= Task =
Scan the records below for the line with "Une relique (un" and the line with "優しいトーンのカラーのリースです。", and retype that range exactly, both ends included, pictures excepted.

= Dataset records =
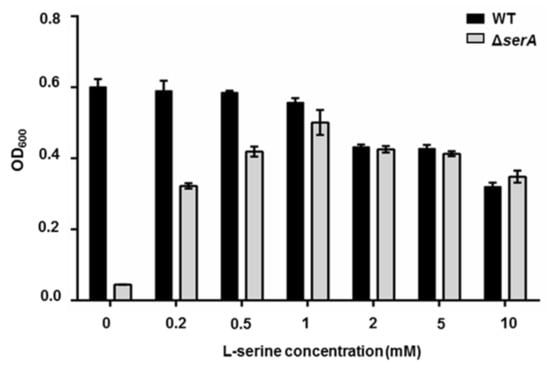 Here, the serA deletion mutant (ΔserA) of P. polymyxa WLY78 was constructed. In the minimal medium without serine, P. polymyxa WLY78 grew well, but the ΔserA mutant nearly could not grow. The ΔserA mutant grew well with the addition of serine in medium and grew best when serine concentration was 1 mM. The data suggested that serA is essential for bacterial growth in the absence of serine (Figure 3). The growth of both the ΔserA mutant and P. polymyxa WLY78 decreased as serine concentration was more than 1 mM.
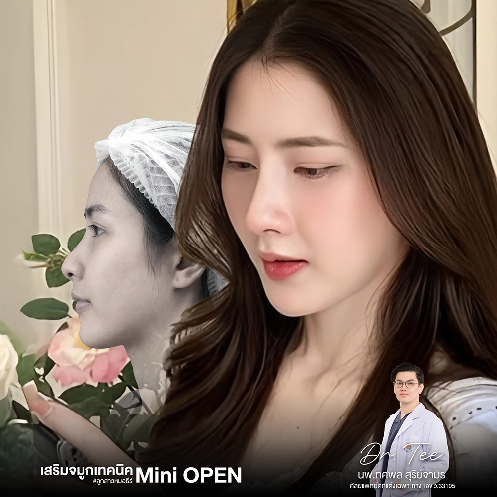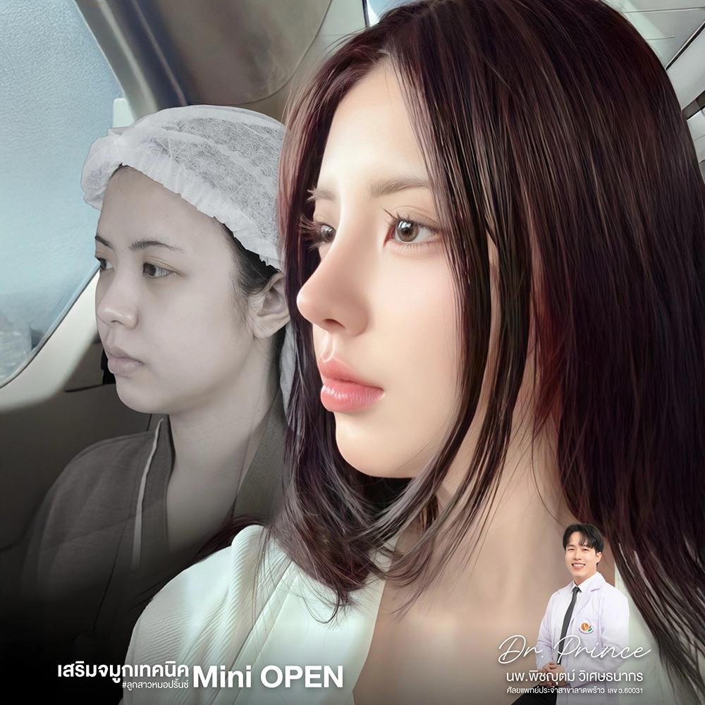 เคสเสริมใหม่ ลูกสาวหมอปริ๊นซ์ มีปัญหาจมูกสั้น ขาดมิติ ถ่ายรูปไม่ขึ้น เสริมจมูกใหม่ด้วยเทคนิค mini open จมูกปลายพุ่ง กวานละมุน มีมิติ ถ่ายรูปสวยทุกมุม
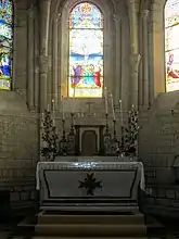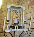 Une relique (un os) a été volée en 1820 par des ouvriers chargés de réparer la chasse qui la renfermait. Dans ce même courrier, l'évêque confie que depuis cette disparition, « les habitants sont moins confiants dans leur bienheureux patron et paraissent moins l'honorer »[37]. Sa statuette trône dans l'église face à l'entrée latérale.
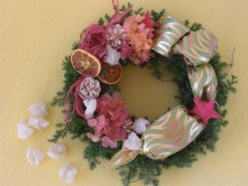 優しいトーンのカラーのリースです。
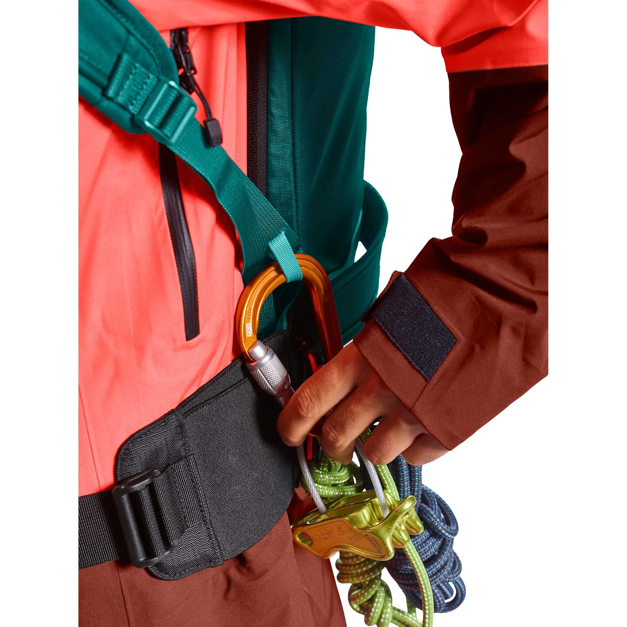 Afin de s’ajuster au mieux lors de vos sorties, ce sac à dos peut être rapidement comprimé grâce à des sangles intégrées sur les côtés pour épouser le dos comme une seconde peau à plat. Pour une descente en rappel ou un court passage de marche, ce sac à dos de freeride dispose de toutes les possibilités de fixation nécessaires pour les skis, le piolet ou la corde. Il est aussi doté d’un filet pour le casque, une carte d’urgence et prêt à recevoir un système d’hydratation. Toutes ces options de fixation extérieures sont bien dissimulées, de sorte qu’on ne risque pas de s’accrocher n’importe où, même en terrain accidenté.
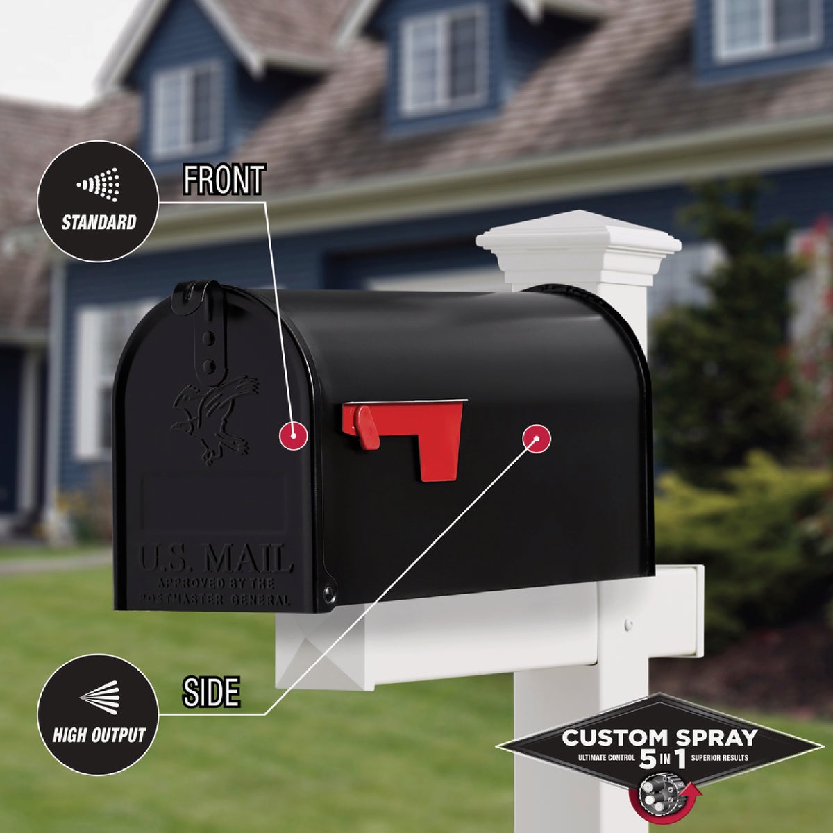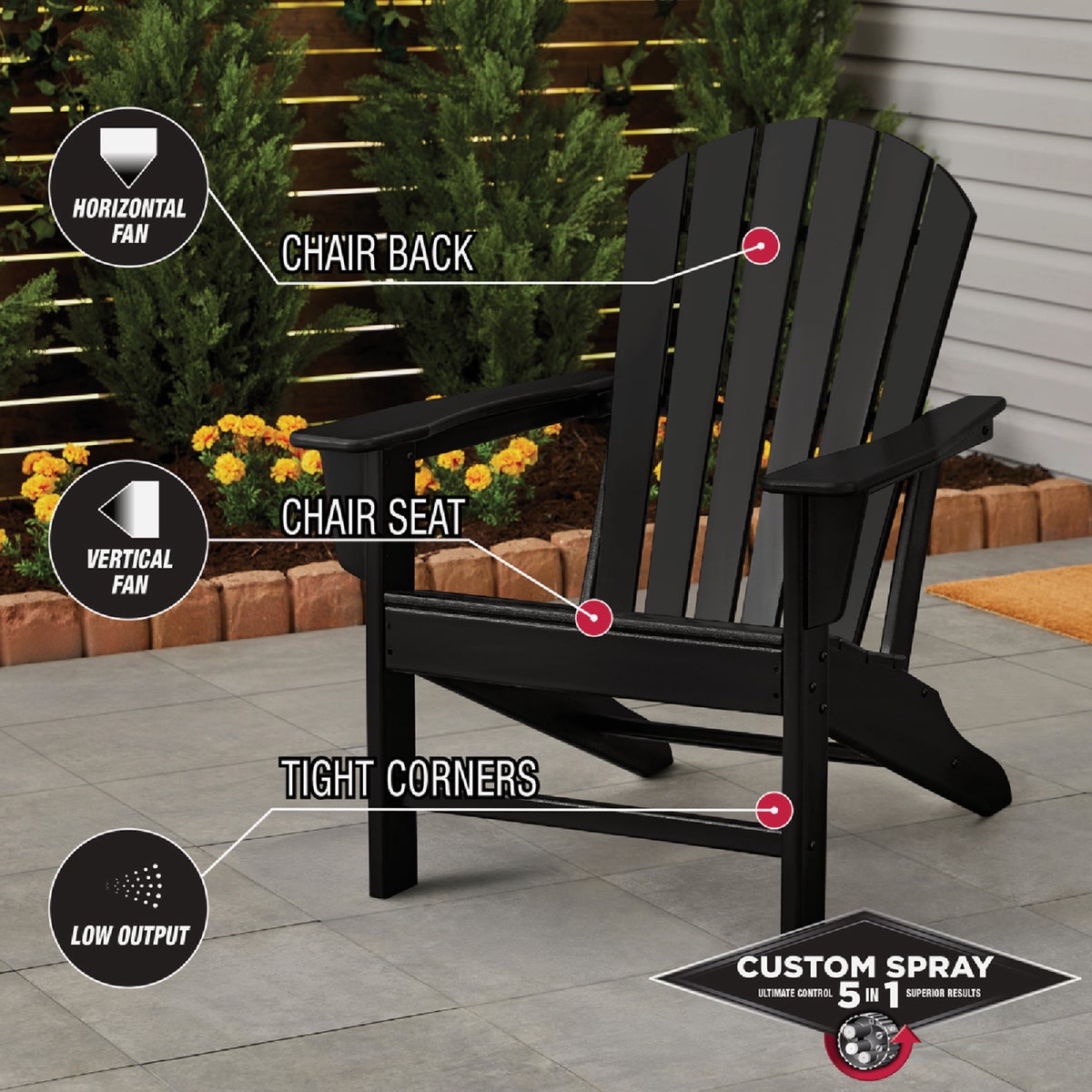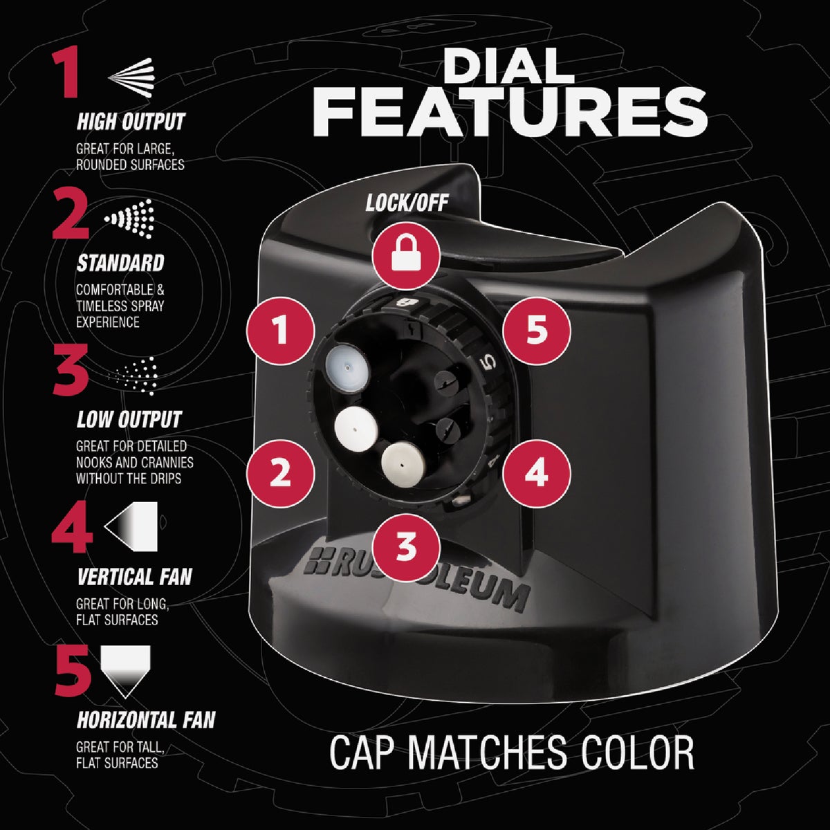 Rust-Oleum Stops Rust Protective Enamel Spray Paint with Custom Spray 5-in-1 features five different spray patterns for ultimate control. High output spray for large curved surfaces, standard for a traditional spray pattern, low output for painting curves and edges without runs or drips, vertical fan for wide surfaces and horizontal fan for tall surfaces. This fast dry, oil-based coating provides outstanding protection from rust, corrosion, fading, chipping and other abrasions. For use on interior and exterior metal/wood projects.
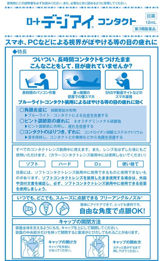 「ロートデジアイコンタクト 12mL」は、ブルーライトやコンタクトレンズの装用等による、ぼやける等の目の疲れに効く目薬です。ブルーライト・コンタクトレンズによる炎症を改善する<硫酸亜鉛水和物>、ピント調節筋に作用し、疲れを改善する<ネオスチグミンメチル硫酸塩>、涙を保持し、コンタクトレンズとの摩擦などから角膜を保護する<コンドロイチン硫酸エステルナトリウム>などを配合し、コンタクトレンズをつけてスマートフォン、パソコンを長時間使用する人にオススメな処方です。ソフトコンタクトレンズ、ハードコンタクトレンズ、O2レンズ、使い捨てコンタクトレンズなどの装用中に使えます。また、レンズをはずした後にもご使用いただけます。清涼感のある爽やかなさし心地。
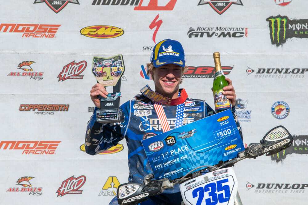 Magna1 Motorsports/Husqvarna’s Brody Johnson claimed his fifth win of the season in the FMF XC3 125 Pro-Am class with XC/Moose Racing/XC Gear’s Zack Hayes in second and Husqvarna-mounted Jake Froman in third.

= Response to the task =
 Une relique (un os) a été volée en 1820 par des ouvriers chargés de réparer la chasse qui la renfermait. Dans ce même courrier, l'évêque confie que depuis cette disparition, « les habitants sont moins confiants dans leur bienheureux patron et paraissent moins l'honorer »[37]. Sa statuette trône dans l'église face à l'entrée latérale.
 優しいトーンのカラーのリースです。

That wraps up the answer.